Publié le 26/07/2014
Crise identitaire de fou
Paris, le samedi 26 juillet 2014 – Les jeunes doctorants Français
jouissent pour la plupart d’un niveau de connaissances théoriques
très élevé et d’une technicité également fort pointue. Ces qualités
ne leurs sont cependant pas toujours suffisantes pour rivaliser
avec certains étudiants en école d’ingénieur ou avec une partie de
leurs homologues étrangers, notamment Américains. Ils pêchent en
effet par leurs difficultés de communication : un grand nombre
d’entre eux peinent à expliquer en termes intelligibles le contenu
et l’intérêt de leurs recherches, un handicap pénalisant
personnellement lorsqu’il s’agit de décrocher un financement ou un
nouveau poste (en particulier dans le secteur privé) et qui tend
également à renforcer l’image d’une recherche scientifique opaque
et centrée sur elle-même.
Trois minutes pas plus
Cette situation n’existe pas qu’en France.

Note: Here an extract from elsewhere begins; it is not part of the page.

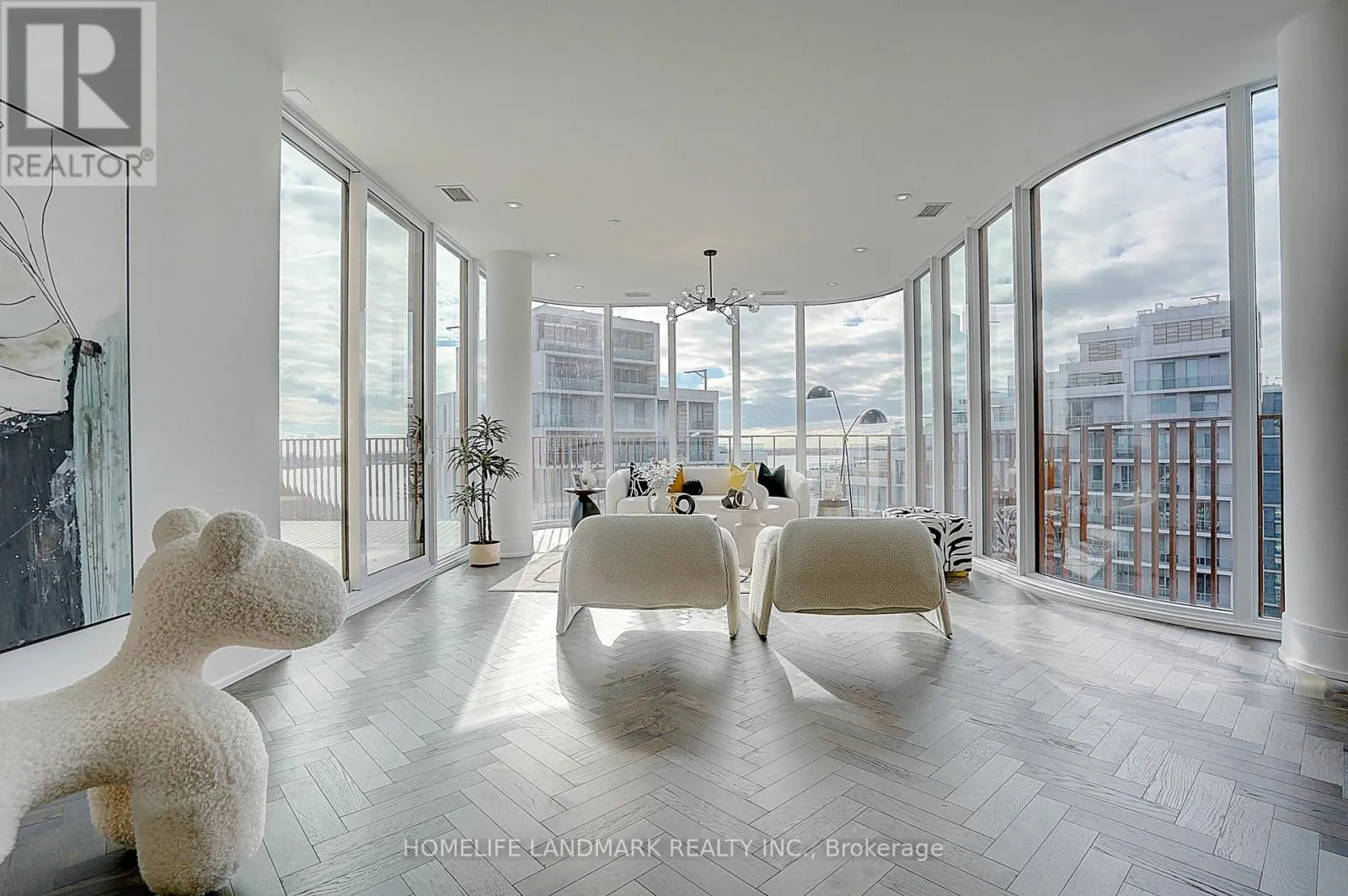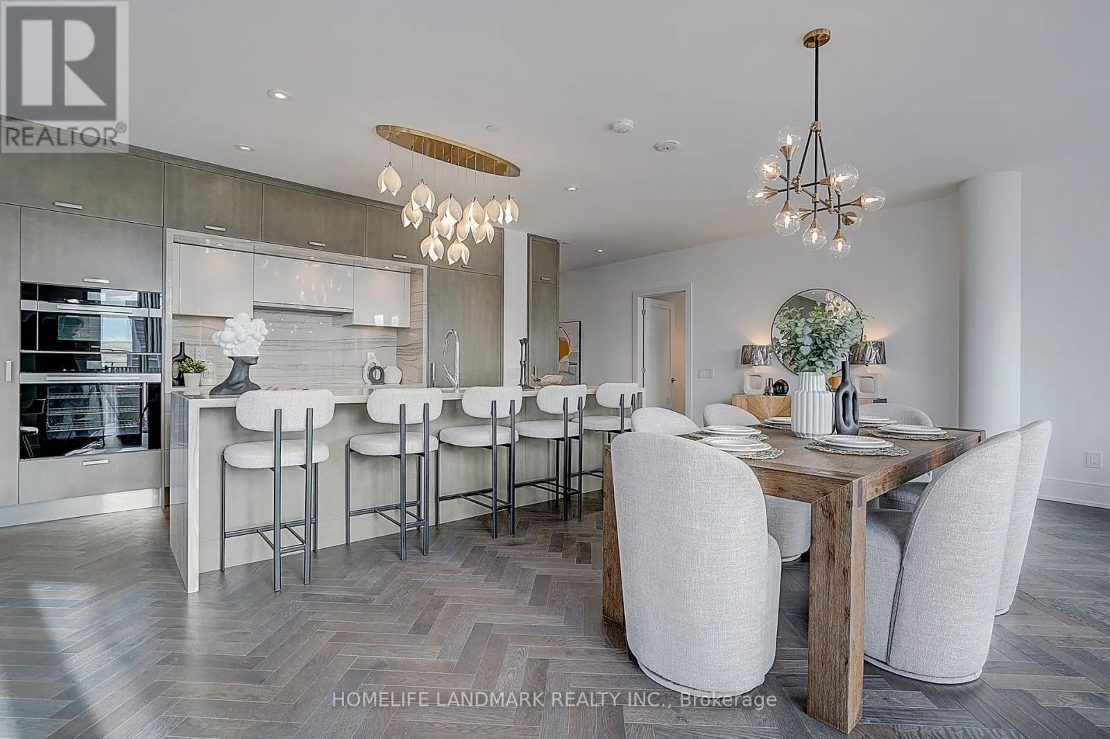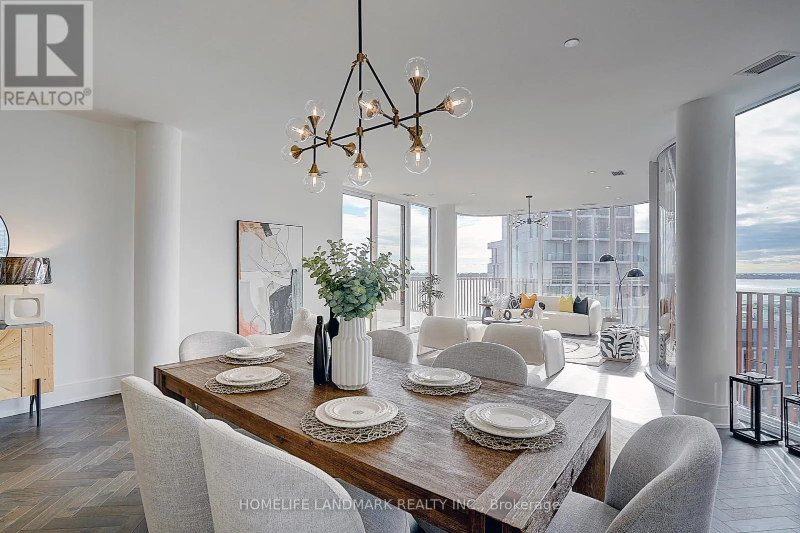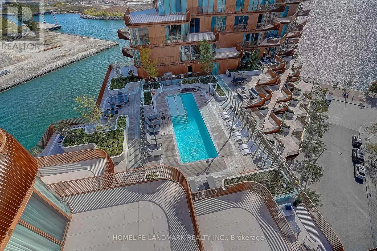 Cross Streets: Queens Quay and Parliament. ** Directions: Entrance off Merchants' Wharf. Welcome to luxury waterfront living at Tridel's Aqualuna, located in Toronto's vibrant East Bayside district. This exceptional brand-new 2-bedroom + enclosed den residence offers 2,433 sq. ft. of upgraded living space, featuring premium finishes and breathtaking south-facing views of the lake, gardens, and pool.Designed for both comfort and elevated entertaining, the suite showcases floor-to-ceiling windows, a spacious open layout, and a gourmet kitchen equipped with integrated appliances, an upgraded Miele induction cooktop with touch controls, natural stone countertops, custom cabinetry, a built-in wine cellar, and an enlarged double-waterfall island. Both bedrooms include private ensuites with heated floors and upgraded natural stone countertops, while the double-door enclosed den provides an ideal office or guest room. The luxurious primary retreat features his-and-hers walk-in closets, a spa-inspired ensuite, and direct access to a serene lake-view terrace, complemented by a second private balcony off the 2nd bedroom. Additional conveniences include a full-size laundry room with sink and ample cabinetry, along with an EV-ready parking space.Resort-style amenities include a lakeside outdoor pool, fitness and yoga studios, sauna, media and party lounges, and 24/7 concierge service. Just steps from Sugar Beach, the Martin Goodman Trail, the waterfront promenade, and some of the city's best dining and cultural destinations, this home offers an unmatched blend of tranquility, sophistication, and urban convenience. (id:27476)

Mais d’autres ont décidé
d’agir. Ainsi, en 2008, a été lancé en Australie le concours «
Three minute thesis », qui, comme son nom l’indique, invite les
doctorants à venir expliquer le sujet de leur thèse en moins de
trois minutes : le candidat le plus convaincant étant désigné d’une
part par un jury et d’autre part par le grand public. Quatre ans
plus tard, une version francophone a été créée au Québec. Cette
année, le CNRS a décidé d’emboîter le pas aux Canadiens en lançant
l’opération « Ma thèse en 180 secondes ». « Trois minutes, c’est un
temps très court. Mais c’est une occasion unique pour les jeunes
chercheurs de vulgariser leurs travaux auprès du grand public.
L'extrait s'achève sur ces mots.